From: Yuchung Cheng <ycheng@google.com>
To: davem@davemloft.net
Cc: netdev@vger.kernel.org, Yuchung Cheng <ycheng@google.com>,
Neal Cardwell <ncardwell@google.com>,
Eric Dumazet <edumazet@google.com>
Subject: [PATCH net-next 3/6] tcp: new delivery accounting
Date: Thu, 14 Jan 2016 15:43:31 -0800 [thread overview]
Message-ID: <1452815014-601-4-git-send-email-ycheng@google.com> (raw)
In-Reply-To: <1452815014-601-1-git-send-email-ycheng@google.com>
This patch changes the accounting of how many packets are
newly acked or sacked when the sender receives an ACK.

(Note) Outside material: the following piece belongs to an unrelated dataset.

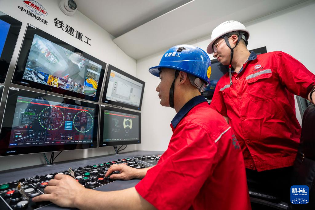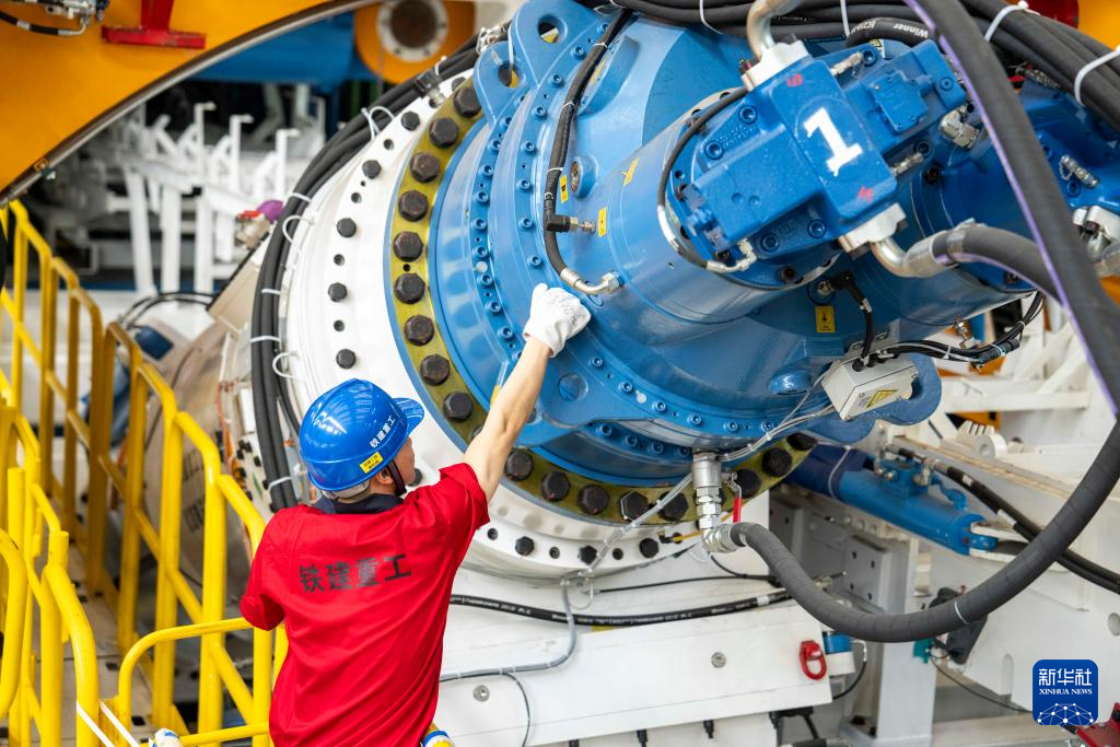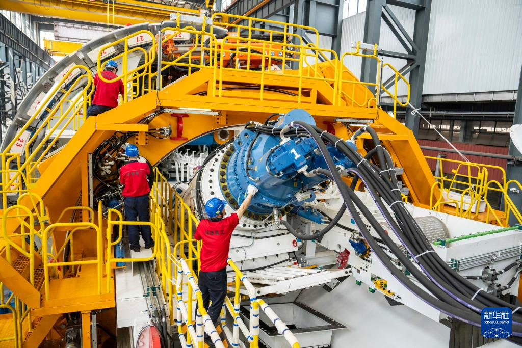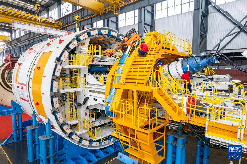 3月26日,工人在铁建重工长沙第二产业园调试“强基号”掘进机。新华社记者陈思汗摄

The current approach basically computes
newly_acked_sacked = (prior_packets - prior_sacked) -
(tp->packets_out - tp->sacked_out)
where prior_packets and prior_sacked out are snapshot
at the beginning of the ACK processing.
The new approach tracks the delivery information via a new
TCP state variable "delivered" which monotically increases
as new packets are delivered in order or out-of-order.

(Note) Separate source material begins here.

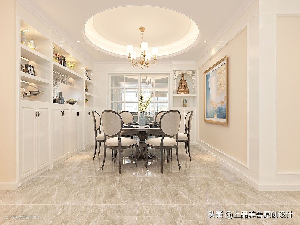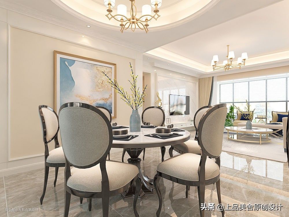 餐厅在玄关右侧,空间比客厅略小一点,整体色调与客厅一致,以白色和米色为主。

The reason for this change is that the current approach is
brittle that produces negative or inaccurate estimate.
1) For non-SACK connections, an ACK that advances the SND.UNA
could reset the DUPACK counters (tp->sacked_out) in
tcp_process_loss() or tcp_fastretrans_alert(). This inflates
the inflight suddenly and causes under-estimate or even
negative estimate. Here is a real example:
before after (processing ACK)
packets_out 75 73
sacked_out 23 0
ca state Loss Open
The old approach computes (75-23) - (73 - 0) = -21 delivered
while the new approach computes 1 delivered since it
considers the 2nd-24th packets are delivered OOO.
2) MSS change would re-count packets_out and sacked_out so
the estimate is in-accurate and can even become negative.

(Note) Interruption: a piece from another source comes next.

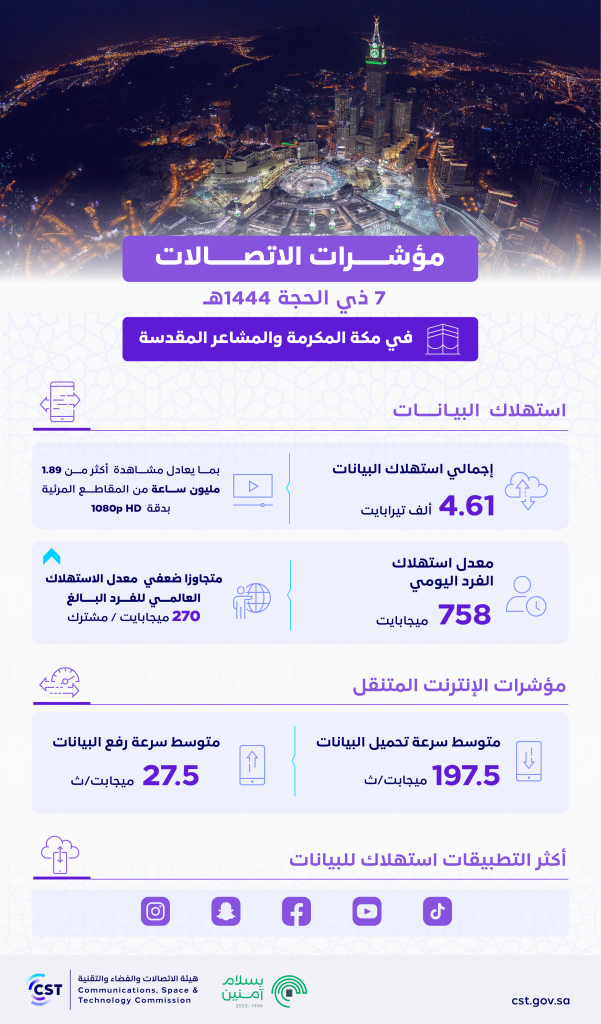“هيئة الاتصالات”: حجم استهلاك البيانات يرتفع إلى 4.61 آلاف تيرابايت في مكة والمشاعر خلال سابع أيام ذي الحجة

E.g., the inflight is doubled when MSS is halved.
3) Spurious retransmission signaled by DSACK is not accounted
The new approach is simpler and more robust. For SACK connections,
tp->delivered increments as packets are being acked or sacked in
SACK and ACK processing.
For non-sack connections, it's done in tcp_remove_reno_sacks() and
tcp_add_reno_sack(). When an ACK advances the SND.UNA, tp->delivered
is incremented by the number of packets ACKed (less the current
number of DUPACKs received plus one packet hole). Upon receiving
a DUPACK, tp->delivered is incremented assuming one out-of-order
packet is delivered.
Upon receiving a DSACK, tp->delivered is incremtened assuming one
retransmission is delivered in tcp_sacktag_write_queue().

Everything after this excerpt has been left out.